**What to work on**
With pictures excluded, output exactly the lines that run from the first line of the data below through the line containing "- Navigate to".

····················

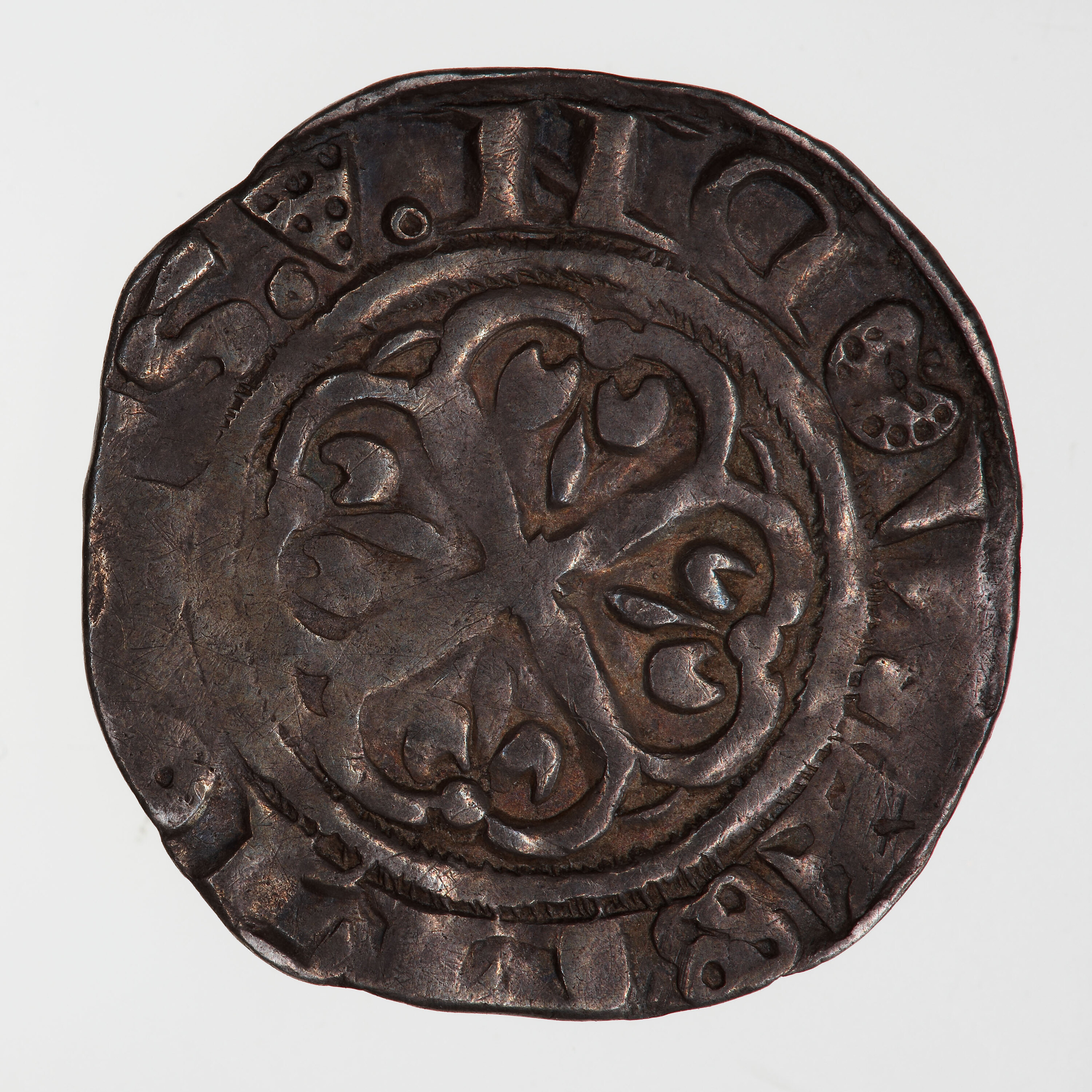 At the centre within a line circle a cross moline with a fleur-de-lis in each angle; around, + PTIECSNEV
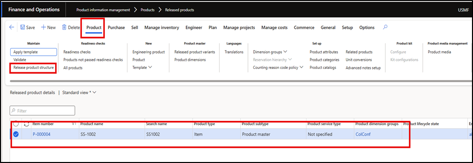 - Navigate to product Tab: – On the Product form click on the “Release product structure”
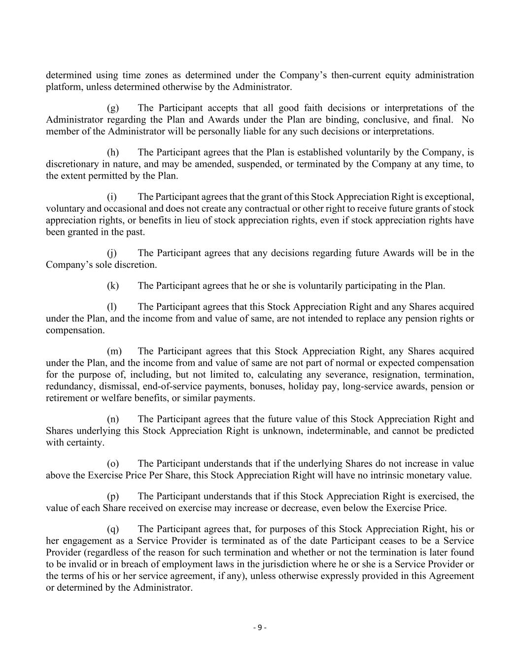 - 9 - determined using time zones as determined under the Company’s then-current equity administration platform, unless determined otherwise by the Administrator. (g) The Participant accepts that all good faith decisions or interpretations of the Administrator regarding the Plan and Awards under the Plan are binding, conclusive, and final. No member of the Administrator will be personally liable for any such decisions or interpretations. (h) The Participant agrees that the Plan is established voluntarily by the Company, is discretionary in nature, and may be amended, suspended, or terminated by the Company at any time, to the extent permitted by the Plan. (i) The Participant agrees that the grant of this Stock Appreciation Right is exceptional, voluntary and occasional and does not create any contractual or other right to receive future grants of stock appreciation rights, or benefits in lieu of stock appreciation rights, even if stock appreciation rights have been granted in the past. (j) The Participant agrees that any decisions regarding future Awards will be in the Company’s sole discretion. (k) The Participant agrees that he or she is voluntarily participating in the Plan. (l) The Participant agrees that this Stock Appreciation Right and any Shares acquired under the Plan, and the income from and value of same, are not intended to replace any pension rights or compensation. (m) The Participant agrees that this Stock Appreciation Right, any Shares acquired under the Plan, and the income from and value of same are not part of normal or expected compensation for the purpose of, including, but not limited to, calculating any severance, resignation, termination, redundancy, dismissal, end-of-service payments, bonuses, holiday pay, long-service awards, pension or retirement or welfare benefits, or similar payments. (n) The Participant agrees that the future value of this Stock Appreciation Right and Shares underlying this Stock Appreciation Right is unknown, indeterminable, and cannot be predicted with certainty. (o) The Participant understands that if the underlying Shares do not increase in value above the Exercise Price Per Share, this Stock Appreciation Right will have no intrinsic monetary value. (p) The Participant understands that if this Stock Appreciation Right is exercised, the value of each Share received on exercise may increase or decrease, even below the Exercise Price. (q) The Participant agrees that, for purposes of this Stock Appreciation Right, his or her engagement as a Service Provider is terminated as of the date Participant ceases to be a Service Provider (regardless of the reason for such termination and whether or not the termination is later found to be invalid or in breach of employment laws in the jurisdiction where he or she is a Service Provider or the terms of his or her service agreement, if any), unless otherwise expressly provided in this Agreement or determined by the Administrator.
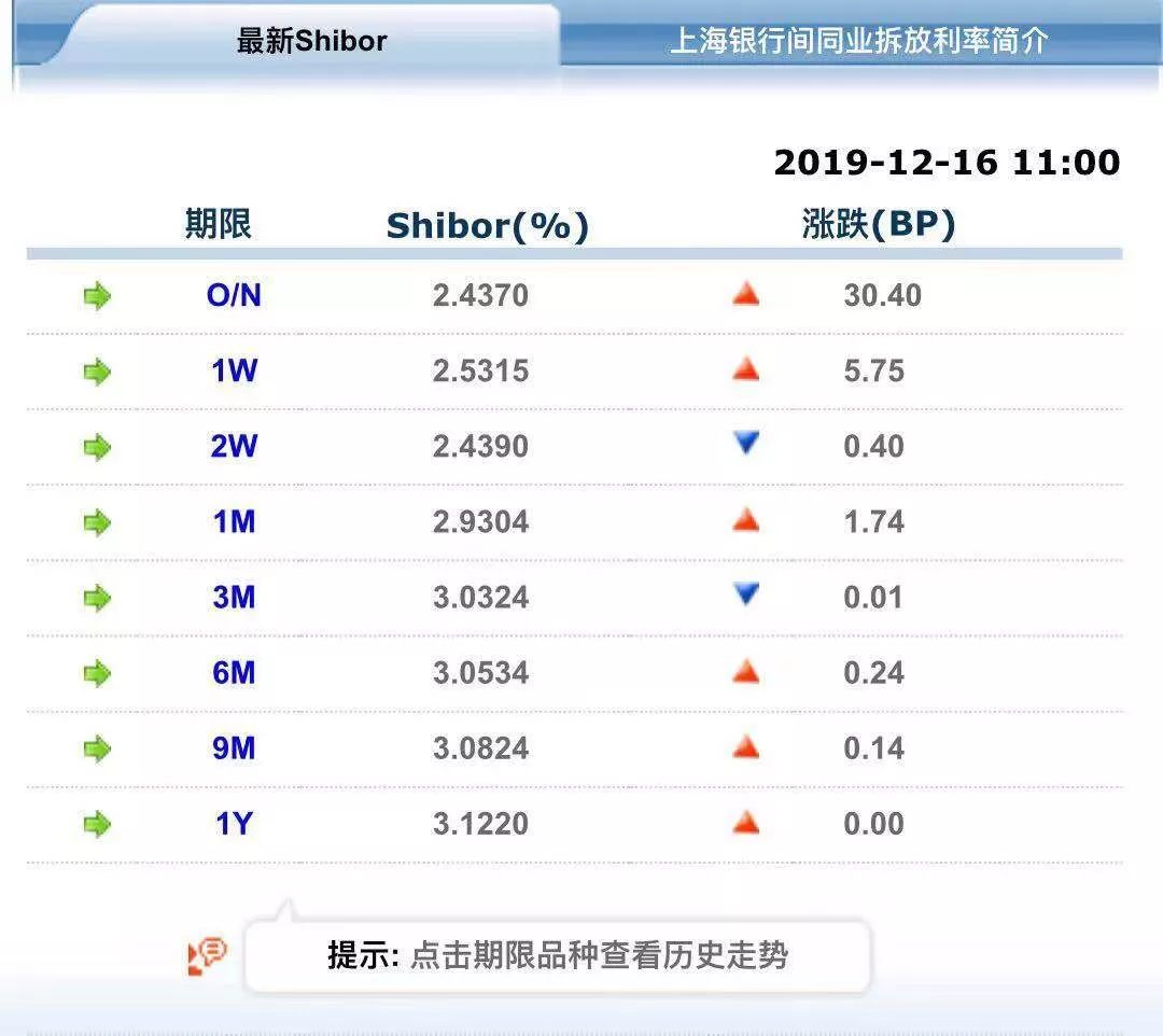 可以看出,短期资金利率稍有上涨,但总体仍在区间内部低位徘徊;相比之下,有了3000亿MLF的“补给”后,跨年资金利率今日反而有所回落,DR014和DR021均有一定程度回落。Shibor主要期限的资金价格走势也与银行间市场存款类机构质押式回购利率较为一致。
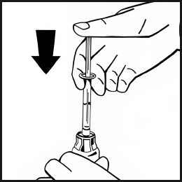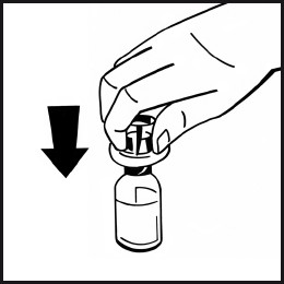 Sett hetteglasset med pulver på en jevn overflate og hold det fast. Ta tak i pakningen med adapteren og plasser hetteglassadapteren over midten av gummiproppen på hetteglasset med pulver. Trykk adapterpakningen bestemt ned til adapterspissen trenger igjennom gummiproppen. Adapteren vil da klikke på plass på hetteglasset.
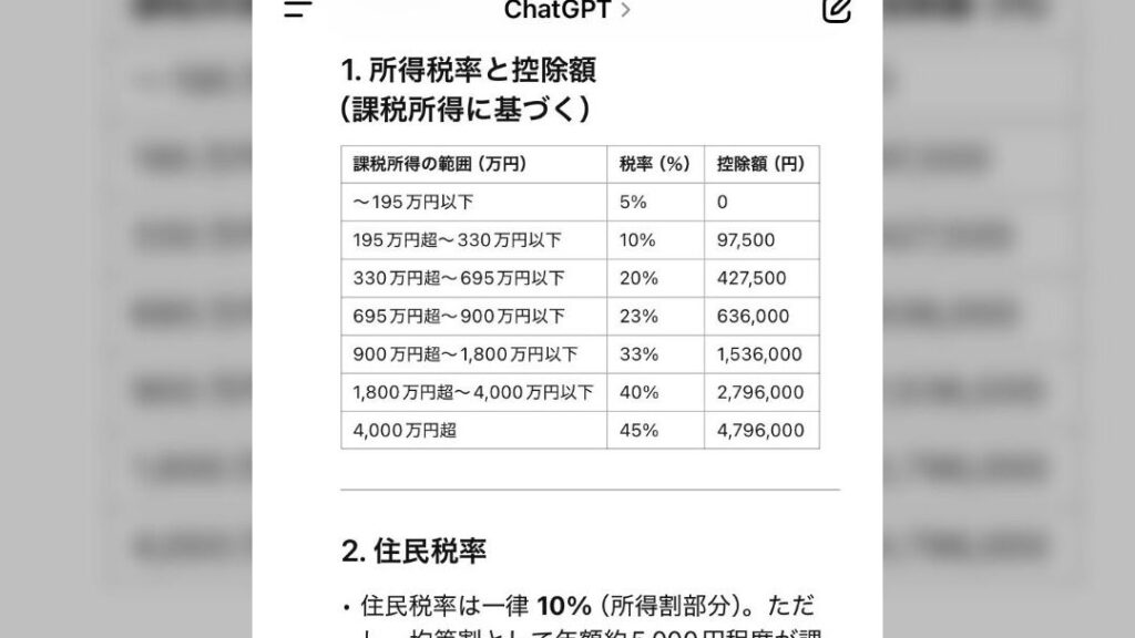 - 所得税: 収入に応じた累進課税が適用され、高所得者ほど税率が高くなります。
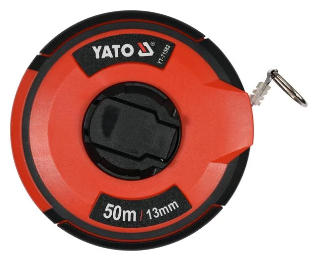 50 m hosszú acél szalaggal ellátott mérőszalag.
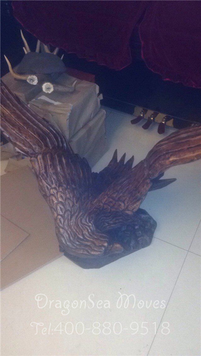客戶家那只根雕老鷹等待包裝

····················

**Answer to the problem**
 At the centre within a line circle a cross moline with a fleur-de-lis in each angle; around, + PTIECSNEV
 - Navigate to product Tab: – On the Product form click on the “Release product structure”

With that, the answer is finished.